Task prompt:
With pictures omitted, copy exactly every line from the one that contains "Quebrou o suporte!" to the end of the listing below.

Data provided:
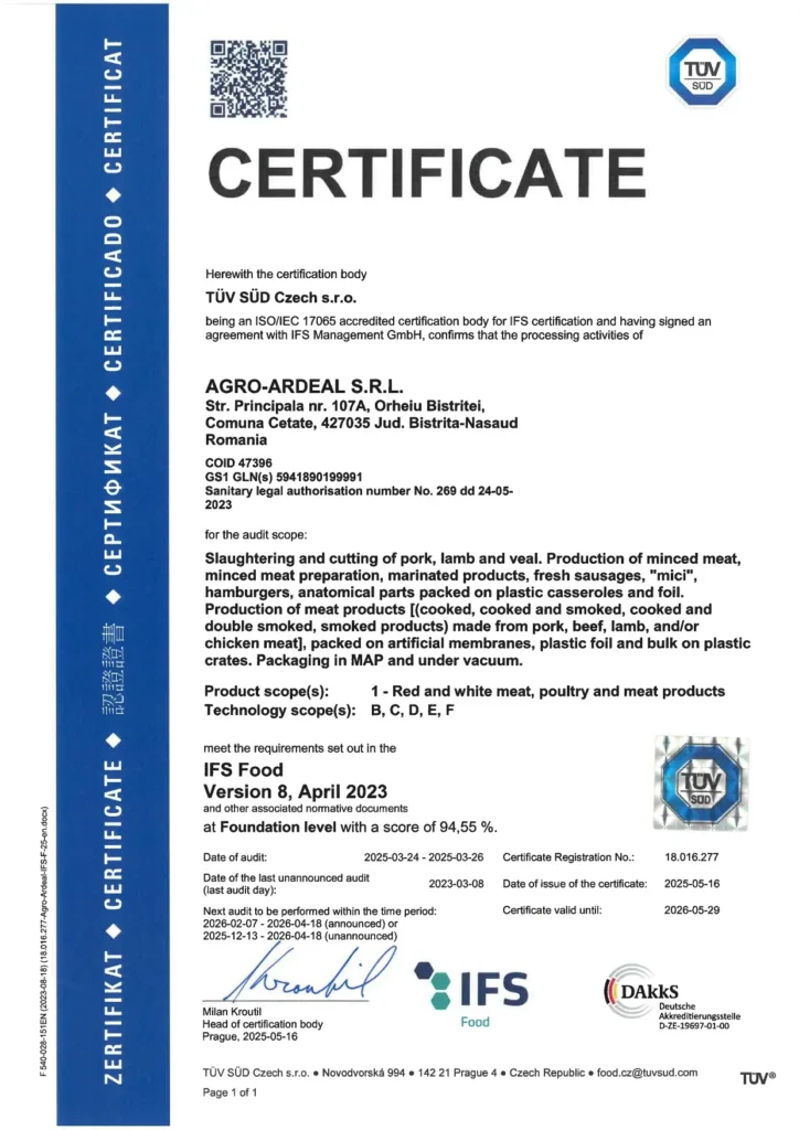 Agro Ardeal este certificată IFS, FSSC și BSCI – standarde internaționale ce garantează calitate, siguranță alimentară și transparență.
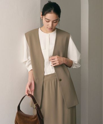 【WEB限定 Wardrobe DAILY MINIMAL】ダブルクロス リボンベルトジレ ウォッシ
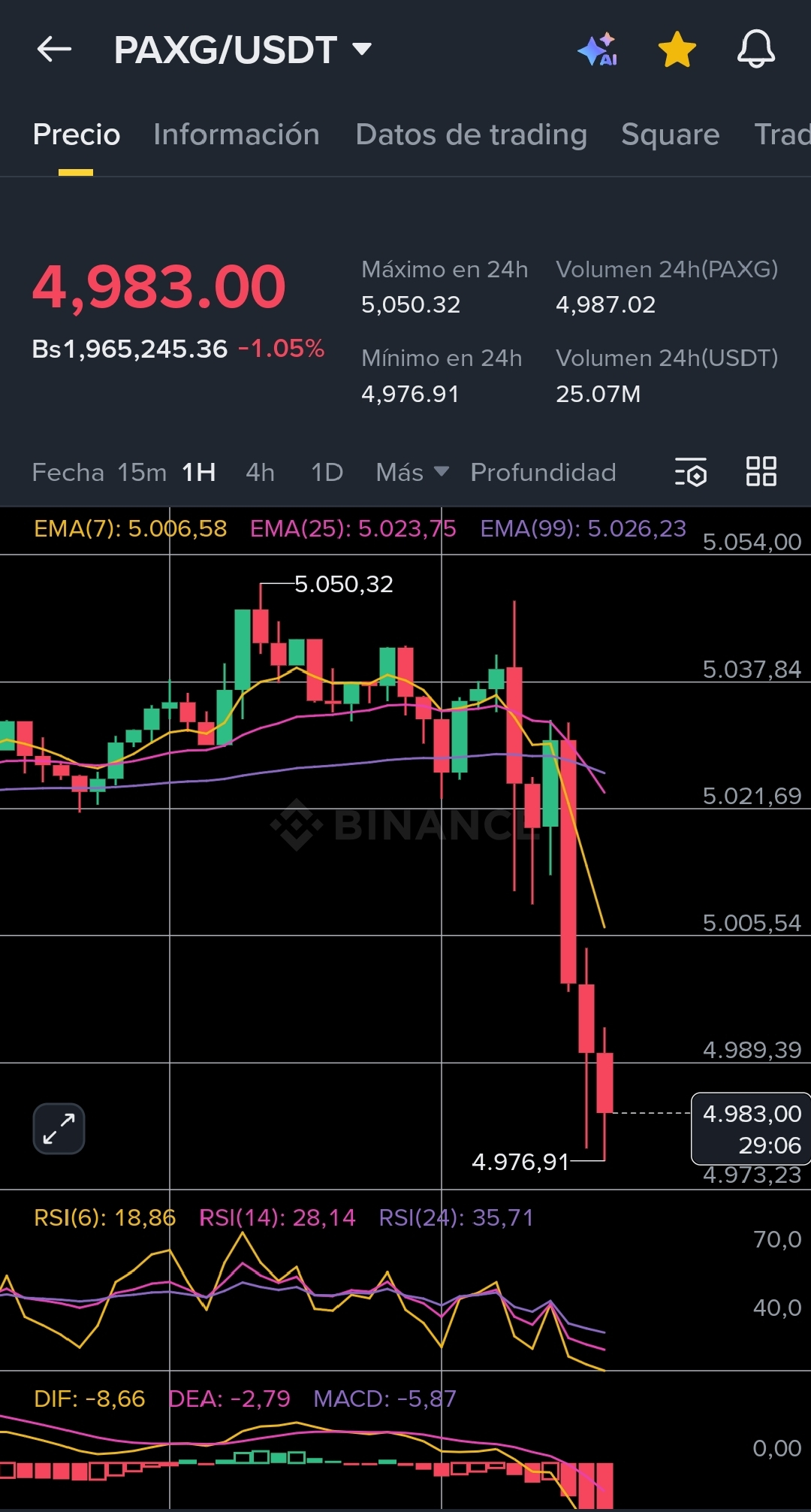 Quebrou o suporte! O ouro tokenizado (PAXG) acabou de cair para abaixo de $4,980 em um movimento que deixou muitos em choque. Mas como sempre dizemos no trading: "Onde alguns veem pânico, os especialistas veem oportunidade".
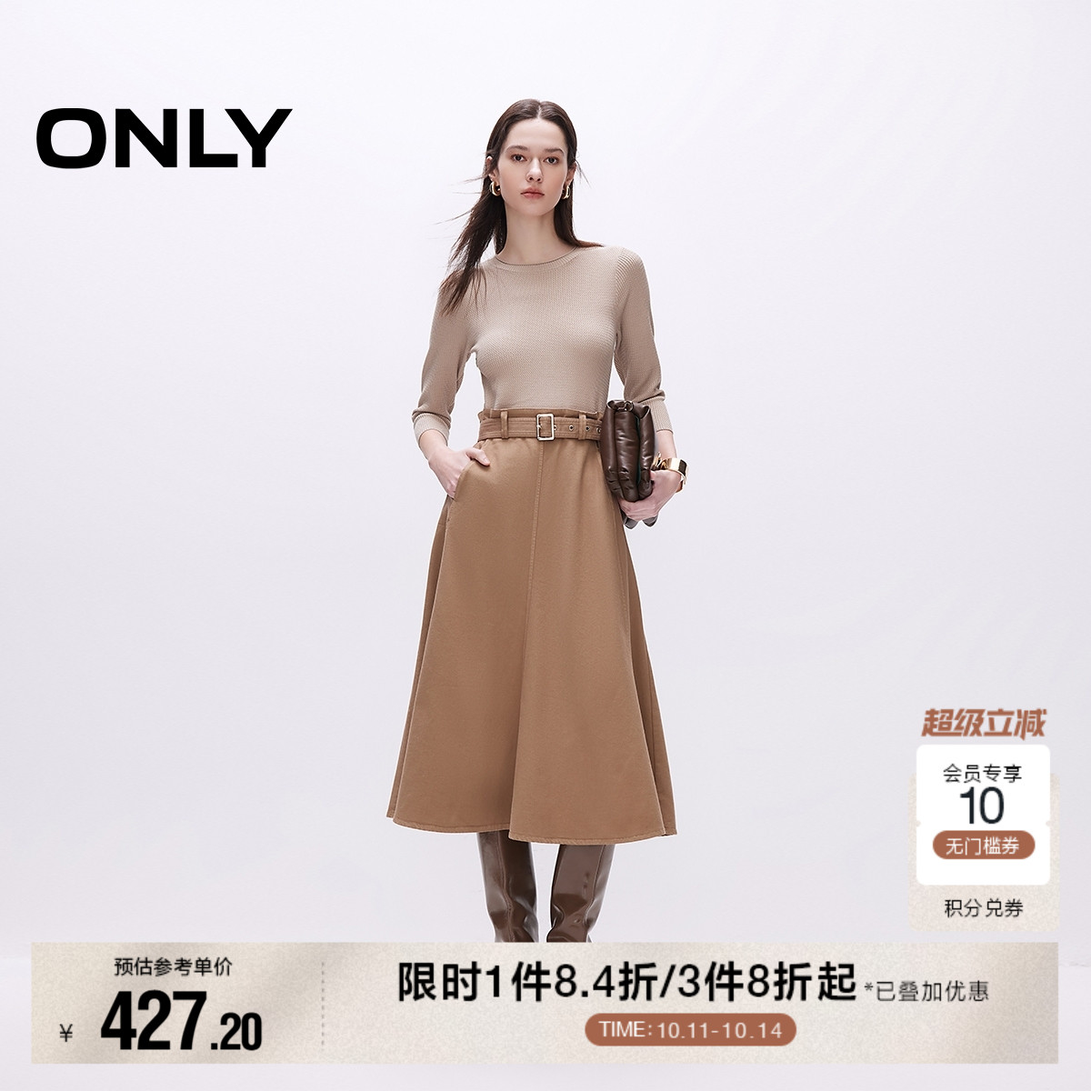 ONLY奥莱2025秋季新款修身针织拼接牛仔裙圆领高腰七分袖连衣裙女

Solved problem:
 Quebrou o suporte! O ouro tokenizado (PAXG) acabou de cair para abaixo de $4,980 em um movimento que deixou muitos em choque. Mas como sempre dizemos no trading: "Onde alguns veem pânico, os especialistas veem oportunidade".
 ONLY奥莱2025秋季新款修身针织拼接牛仔裙圆领高腰七分袖连衣裙女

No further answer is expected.